# Zusätzlicher Eintrag Listenfeld ***ALLE***  MS Access 2003



## fonds (11. September 2008)

Hallo zusammen,

ich habe folgendes Problem:
Ich habe eine Abfrage erstellt und diese mit einem Bericht verknüpft. In einem dazugehörigen Formular kann ich jeweils EIN Land für die Abfrage/Bericht auswählen und die Ergebnisse somit eingrenzen.
Wie ist es möglich als Kriterium ALLE Länder auszuwählen, d.h. dass in der Abfrage keine Länder eingegrenzt werden.

Besten Dank!
fonds


----------



## RavelinePower (11. September 2008)

Hallo Fonds.

Du benötigst dafür 2 Abfragen. Die erste frägt das Formular nach dem Land ab, die 2 Abfrage zeigt alle Länder mit Daten an. Nun ist die Frage wie willst Du dies bewerkstelligen ? Dazu sollte man wissen woher kommen die Länder ( extra Tabelle ?) 

Wenn Ja dann folgendes... (extra Tabelle mit allen Ländern)

Gebe in die Tabelle z.B. >>> alle Länder anzeigen <<<< als Land ein.

In Deinem Formular ein ungebundenes Listen oder Kombifeld wo die Daten aus der Tabelle (Länder) entnimmt.
Mit einer Eeignissprozedur kannst du nun nach Aktualisierung , nun abfragen ob DS = >>> alle Länder <<< abgefragt werden soll. Wenn ja ..... öffne qry_alle Länder. Wenn nein öffne qry_Länder gefiltert.

Verstehst Du was ich meine ? 
Benötigt wird...

Tabelle mit allen Ländern + >>> Alle Länder anzeigen <<<
2 Abfragen qry_alle Länder und qry_Länder gefiltert
Formular mit einem Kombi oder Listenfeld und die Ereignissprozedur 

Fertig.

Wenn ich gut Laune habe werde ich noch was basteln mal sehen.

Greatz RavelinePower


----------



## RavelinePower (12. September 2008)

Hallo ... oder guten morgen Fonds.

siehe Anhang.

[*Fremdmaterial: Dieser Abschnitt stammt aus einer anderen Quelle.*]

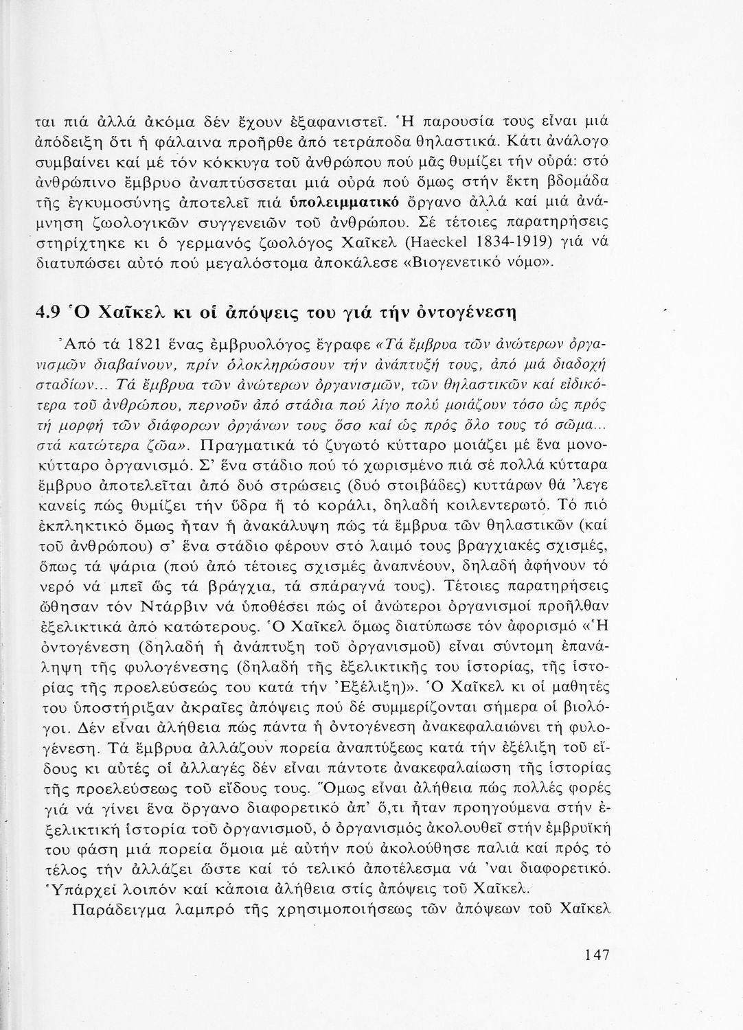 Σχολικό εγχειρίδιο Βιολογίας Γ΄ Γυμνασίου που εστιάζει στις συνθήκες γέννησης, μεταβολής και θανάτου των έμβιων οργανισμών. Φέρει το σύμβολο της δικτατορίας.

Wichtig dabei ist das auch die Berichte neue Verweise bekommen auf die Abfragen ... 

Schau es Dir mal an Greatz RavelinePower


----------



## fonds (12. September 2008)

guten morgen! 
erst einmal vielen dank für deine mühen! 
werde es mir gleich anschauen und dir gleich ein feedback geben.


----------



## fonds (12. September 2008)

habe mir das mal angeschaut....so ganz verstehe ich es noch nicht....aber das liegt wohl eher an mir. 
ich habe meine db mal unten angehängt. Falls Du vielleicht noch mal eine freie Minute haben solltest...ich würde mich freuen....
in der db möchte ich zum Beispiel ein Ergebnis für alle deutschen Banken in meinen Bericht oder  für alle Banken in Deutschland und Österreich...
Es fehtl in meinem Formular also nur noch der Eintrag ***ALLE*** in beiden Listenfeldern....


----------



## fonds (12. September 2008)

Sorry! Falsche Datei! Jetzt ist die korrekt!


----------



## RavelinePower (12. September 2008)

Hy Fonds.

Ich habe die mdb angeschaut. Leider kann ich hier über solche Dinge kaum Aussagen treffen da  ich mich hier nicht auskenne. Werde mich aber mal schlau machen , ob sowas überhaupt geht.... mit solch einem Aufbau .....

Sorry 
Greatz RavelinePower


----------



## fonds (13. September 2008)

Danke! Wirklich nett das du dich dem Problem überhaupt annimmst. Bin sonst ziemlich aufgeschmissen.....


----------



## RavelinePower (14. September 2008)

Abend fonds.

Also wir haben mal was gefunden was vielleicht weiter hilft.

Siehe Anhang

Greatz RavelinePower


----------



## fonds (15. September 2008)

guten morgen RavelinePower!

vielen Dank für deine Datei. Das sieht ja schon ganz gut aus. Das Problem bei meiner Datenbank ist, wenn ich mir "alle" anzeigen lasse, dann kommt z.B. der Partner Moller dreimal in dem Bericht vor. Wie erreiche ich es, dass im Ergebnisbericht nach der Auswahl z.B. der Partner Moller nicht dreimal sonder nur einmal auftaucht und dabei sein Umsatz und Gewinn jeweils summiert sind?
ich weiß dass ich ein wenig anstrengend bin....aber mein chef sitzt mir im nacken....

DANKE! 

gruss Fonds


----------



## RavelinePower (15. September 2008)

Hy Fonds

Klar das Du Molller usw. 2 mal drin hast. Wieso  Du frägst nach Land und Bank ab. Da Moller 2 Länder und zich Banken hat gibt er dir das ergebniss pro Land raus !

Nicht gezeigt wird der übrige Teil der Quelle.